Patterns and predictors of relapse following radical chemoradiotherapy delivered using intensity modulated radiotherapy with a simultaneous integrated boost in anal squamous cell carcinoma.
Shakir R., Adams R., Cooper R., Downing A., Geh I., Gilbert D., Jacobs C., Jones C., Lorimer C., Namelo WC., Sebag-Montefiore D., Shaw P., Muirhead R.
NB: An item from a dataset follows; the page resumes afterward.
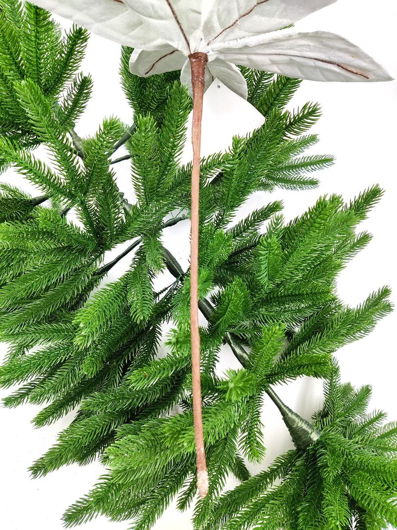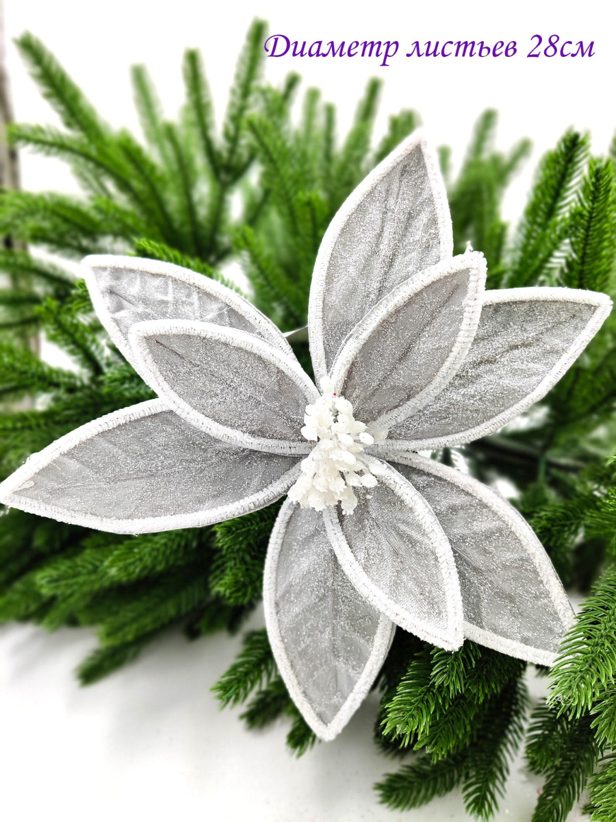 Новогодний декор в виде бантика, ленты, бус, цветов и веток украсит интерьер дома или офиса в преддверии Нового года. Оригинальный дизайн и красочное исполнение создадут праздничное настроение. Новогодние украшения всегда несут в себе волшебство и красоту праздника. Создайте в своем доме атмосферу тепла, веселья и радости, украшая его всей семьей.Диаметр листьев в развернутом виде до 28 см.

PURPOSE: To describe the patterns and predictors of treatment failure in patients receiving definitive chemoradiotherapy (CRT) for anal squamous cell carcinoma (ASCC), delivered using intensity modulated radiotherapy (IMRT). MATERIALS AND METHODS: A retrospective cohort analysis of consecutive patients treated with curative intent for ASCC using CRT delivered with a standardised IMRT technique in five UK cancer centres. Patients were included from the start of UK IMRT guidance in February 2013 to 31st October 2017. Collected data included baseline demographics, treatment details, tumour control, sites of relapse and overall survival. Statistical analysis to calculate outcomes and predictive factors for outcome measures were performed using SPSS and R. RESULTS: The medical records of 385 consecutive patients were analysed. Median follow-up was 24.0 months. 86.7% of patients achieved a complete response (CR) within 6 months of completing chemoradiotherapy. 3yr disease free survival (DFS) and overall survival (OS) were 75.6% and 85.6% respectively. Of all relapses, 83.4% occurred at the site of primary disease. There were two isolated relapses in regional nodes not involved at outset. Predictive factors for cancer recurrence included male sex, high N-stage and failure to complete radiotherapy as planned. CONCLUSIONS: The treatment results compare favourably to published outcomes from similar cohorts using 3D conformal CRT. The observed patterns of failure support the current UK IMRT voluming guidelines and dose levels, highlighting our prophylactic nodal dose is sufficient to prevent isolated regional relapse in uninvolved nodes. Further investigation into strategies to optimise CR should remain a priority in ASCC, as the site of primary disease remains the overwhelming site of relapse.